Despite these concerns, surveys over the past decade indicate that anywhere from 65 up to 90 percent of families report at least spanking their children at some point. The legal framework in the United States appears to be consistent with this social approval of physical discipline. Most states, by statute or common law, expressly permit “reasonable” corporal punishment by parents, other caregivers, and even schools. No state has expressly outlawed it (although, interestingly, it’s been abolished in over 30 countries). Missouri law expressly excludes “discipline including spanking, administered in a reasonable manner” from the definition of child abuse. See RsMO §§ 210.110(1); 568.060.1(1), .9. (Note, however, that the use of corporal punishment again foster children is prohibited. 13 CSR 35-60.030, .050.) Similarly, in Texas, where charges of injury to a child are pending against Adrian Peterson, the use of force by a parent or caregiver against a child is justified when that caregiver “reasonably believes the force is necessary to discipline the child or to safeguard or promote his welfare.” Tex. Penal Code § 9.61; see also Tex. Family Code § 151.001(a), (e) (allowing a parent and certain caregivers to use corporal punishment for the reasonable discipline of a child).
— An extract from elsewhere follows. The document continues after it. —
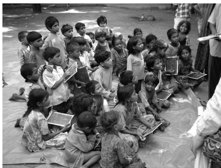
(写真5) ジャイプル Under the Bais Godam Bridge Slumの子ども達

So what is “reasonable” physical discipline? Or, asked another way, when is corporal punishment unreasonable and when does it become abuse? In Missouri, physical discipline crosses the line to abuse where there is resulting harm to the child. In re M.N.J., 291 S.W.2d 306, 312 (Mo. App. W.D. 2009) (“Spanking with a belt is not physical abuse when done in a reasonable manner and does not result in harm to the child.”) The clearest indicator of “harm” is physical injury, e.g., bruises, lacerations, abrasions, welts, choke marks, burns, bites, and fractures. Without some physical manifestation of harm, abuse resulting from physical discipline may be hard to prove. For example, a child’s expressed fear of her parents may be insufficient evidence of “harm” or unreasonable discipline. See id. at 312-314 (reversing and remanding a finding of physical abuse where, despite an admission of disciplining the child with a belt, an observation of a red mark on the child’s bottom, and the child’s expressed fear of returning to the parents’ care, there was no testimony that the child suffered from bruising as a result of the belt or that the spankings were administered unreasonably). Determining the “reasonableness” of the discipline is an ever more ambiguous analysis. Was the physical discipline exercised in anger? Was it proportionate to the severity of the behavior to be corrected? The answers to these and related questions will guide the “reasonableness” analysis.
In November, Adrian Peterson pled no contest to a misdemeanor charge of reckless assault allowing him to avoid a criminal trial. He received two years of deferred adjudication, a form of probation. He was fined $4,000 and must complete parenting classes and perform 80 hours of community service. If he completes his probation without incident, the misdemeanor charge will be removed from his record.
Whether one agrees with the plea agreement or not, this case has certainly brought needed attention to the issue of corporal punishment and child abuse. At the very least this case will give parents reason to reflect on their own disciplinary methods, whatever their preferences and beliefs may be.